Adalet bağlamında filmde yargıç rolünü oynamanızı nasıl açıklıyorsunuz? Üstelik filmde hakim kötülerden yana verdiği kararla kamu vicdanını yaralıyor.

Yargıç rolünü oynatmak istediğim kişinin o gün bir işi çıktı ve gelemedi. Etraftaki herkesin filmde bir rolü vardı. O gelemeyince mecburen yargıç rolünü ben oynamak zorunda kaldım. Bu ilginç bir durum oldu. Filmde karar verici ve tayin edici bir karakteri oynuyorum.
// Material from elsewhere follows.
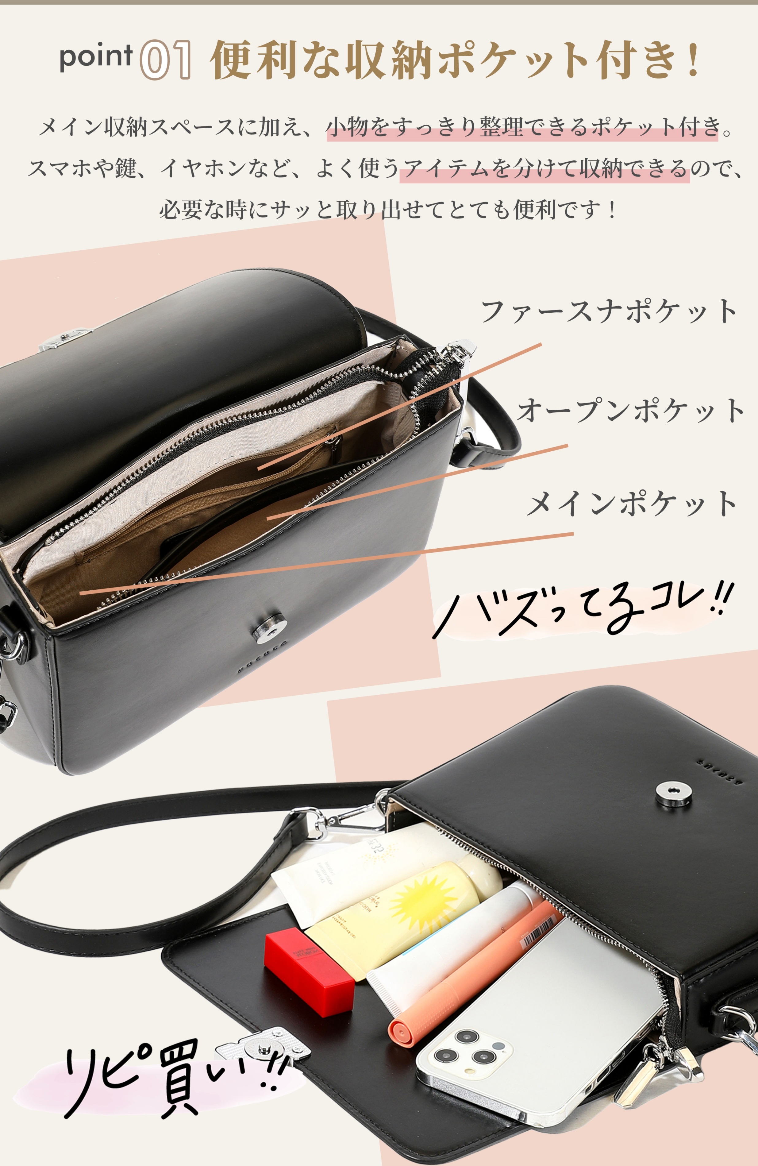 【実用的な3層構造】メイン収納+ファスナー+オープンポケットの構成で、スマホ・財布・鍵などをすっきり仕分け◎取り出しやすさも抜群!

Hakim karakterinin ağzından çıkan “evet ya da hayırla” filmin gideceği yön çok farklı bir hale gelebiliyor. Böyle hükmedici bir karakteri yönetmenin ya da yazarın kendisinin oynamasının getirdiği bazı sorunlar var. En basiti yönetmene ya da yazara güvenilebilir mi? Hayır güvenilemez. Çünkü yarattıkları karakterle ilgili olarak adalet duygusuyla ilgili en ters durumları oluşturuyorlar.
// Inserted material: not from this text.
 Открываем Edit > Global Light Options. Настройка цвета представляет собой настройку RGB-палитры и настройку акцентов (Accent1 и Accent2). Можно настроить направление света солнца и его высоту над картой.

Film adalet ve vicdan kavramlarını da irdeliyor. Rüya filmi vicdan kavramını nasıl ele alıyor?

Vicdan konusu benim bütün filmlerimde var. İnsanı insan yapan en önemli melekelerden birisinin vicdan olduğunu düşünüyorum. Vicdana doğduğumuz anda sahip miyiz? Ondan pek emin değilim. Vicdan büyütülmesi, beslenmesi, korunması, üzerine titrenmesi gereken insanı insan yapan bir melekedir. Adalet konusuna gelince, “Cenneti Beklerken” filminde Vezirin Eflatun’a yolculuğa çıkmadan önce söylediği “bu dünyaya hem adalet hem güzellik lazımdır” sözünün yaptığım bütün filmler için geçerli olduğunu düşünüyorum. Bu filmler ve kitaplar, bu dünyaya “daha fazla adalet ve daha fazla güzellik katmak” için yapılıyorlar.